As Autumn (Fall) approaches, the tree branches are laden with nature’s bounty. Late summer really presents a bonus of foragable booty. This weekend I have picked around 5KG of damsons, and 3KG of Rowan Berries plus a handful of Hazelnuts. The latter of the three were picked from the side of an old forgotten road. It’s quite eerie to walk along a path, completely overgrown by nettles, blackberry and hazel and see a white line in the middle of the path. How quickly nature takes back from us. In fact as we were taking hazelnuts, there was a grey squirrel angrily crashing around in the branches above us. Neve was telling the squirrel to ‘Shush’…so cute.
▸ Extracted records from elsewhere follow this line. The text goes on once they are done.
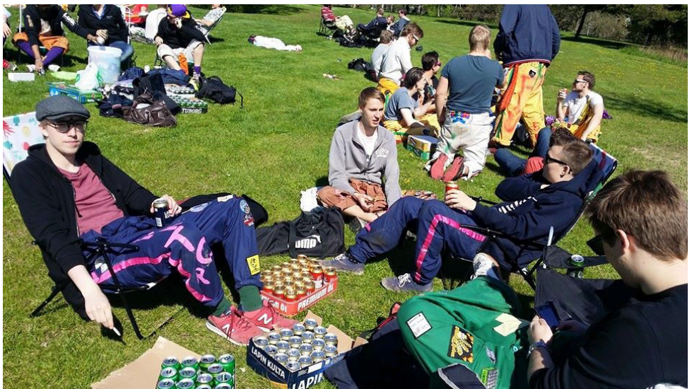
En bild från Flakdagen 2015

Kårallen flyttar ut och om vädret tillåter dansas det under stjärnorna sent inpå natten. I slutet av detta års vårtermin var det Prinsen av Peking som besökte Linköping och Utekravallen.
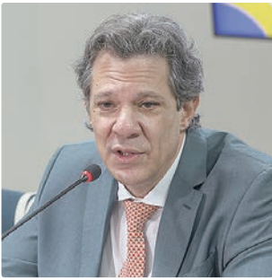
Petistas consideram “certa” a candidatura de Haddad em SP

A lista de nomes cotados para o Senado também inclui Simone Tebet, que possivelmente migraria do MDB para o PSB para participar da disputa; e Marina Silva, que, como revelou o blog, conversa sobre a possibilidade de se filiar novamente ao PT. Até este domingo, a ministra do Meio Ambiente ainda esperava uma conversa com Lula para selar seu destino.
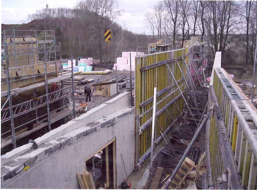
Abb. 1: Das Besucher-Informationszentrum der UNESCO-Weltnaturerbebestätte Grube Messel – der Baufortschritt am 24. März 2009

Gut Ding will Weile haben. Es hat etwas gedauert, bis nach Planung, Finanzierung und vor allem baulicher Realisierung Deutschlands bisher einzige UNESCO-Weltnaturerbe-Stätte, die Grube Messel bei Darmstadt, ein dem hohen ideellen Wert entsprechend modernes Informationszentrum am Rand der Grube erhalten wird.
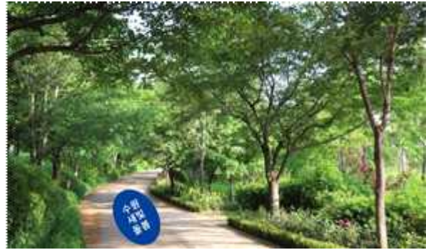
▶ 공원 등 바닥스티커(100cm×100cm)
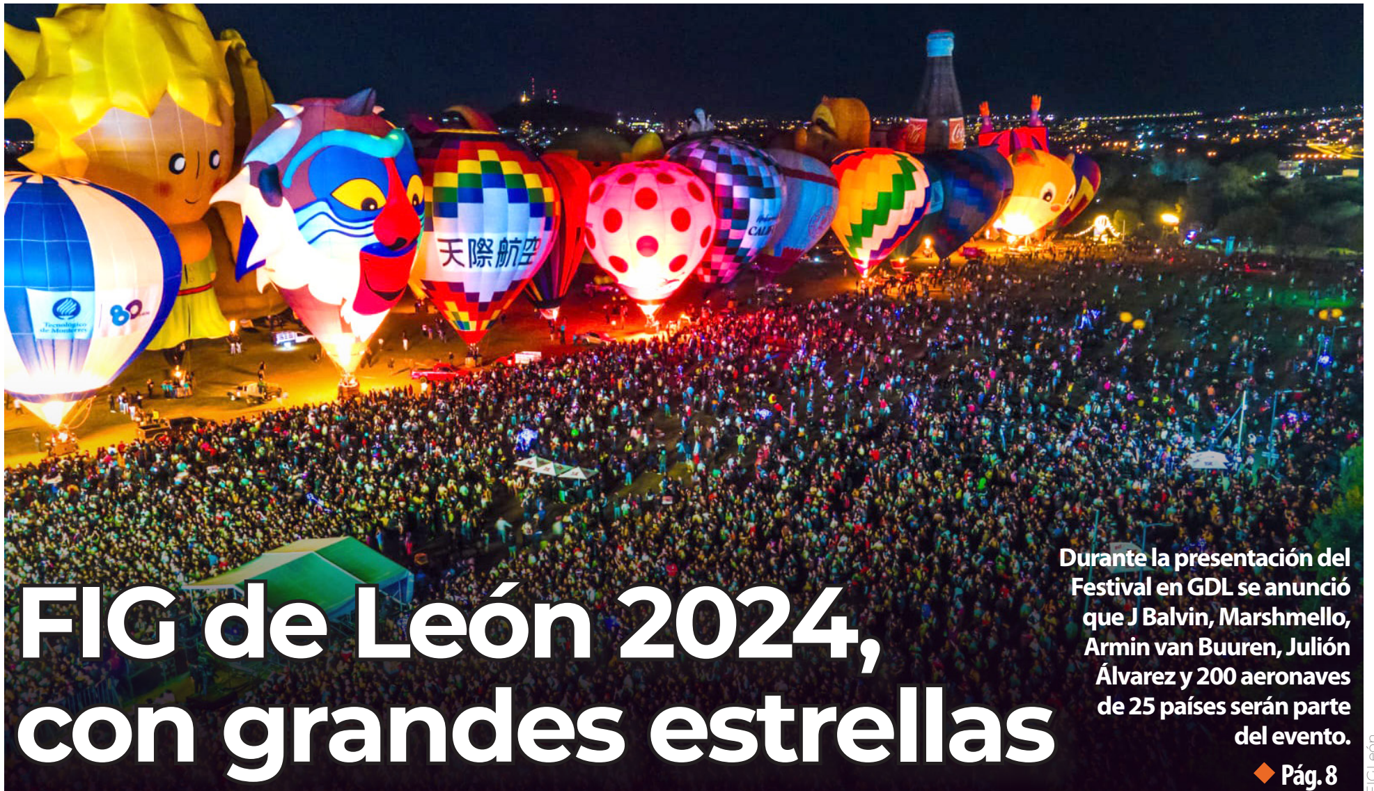
FIG de León 2024, con grandes estrellas

From this weekend’s haul, I have started to make some Damson wine and Rowan Berry wine.Plump purple Damson berries are an old favourite for people to forage, but people tend to shy away from Rowan. Dare I say it’s a bit of a secret. Most people have the impression that that large bunches of waxy red berries are poisonous. For sure if you bit into a berry, you would spit it out instantly. They taste like crap, but are super packed with vitamin C. However you can make an amazing jelly from them, which accompanies meat wonderfully. Plus I made an amazing Rowan wine, and am currently drinking a glass now. I would say that it’s the best wine that I have made so far. The taste is like a medium white, but the colour is like whiskey !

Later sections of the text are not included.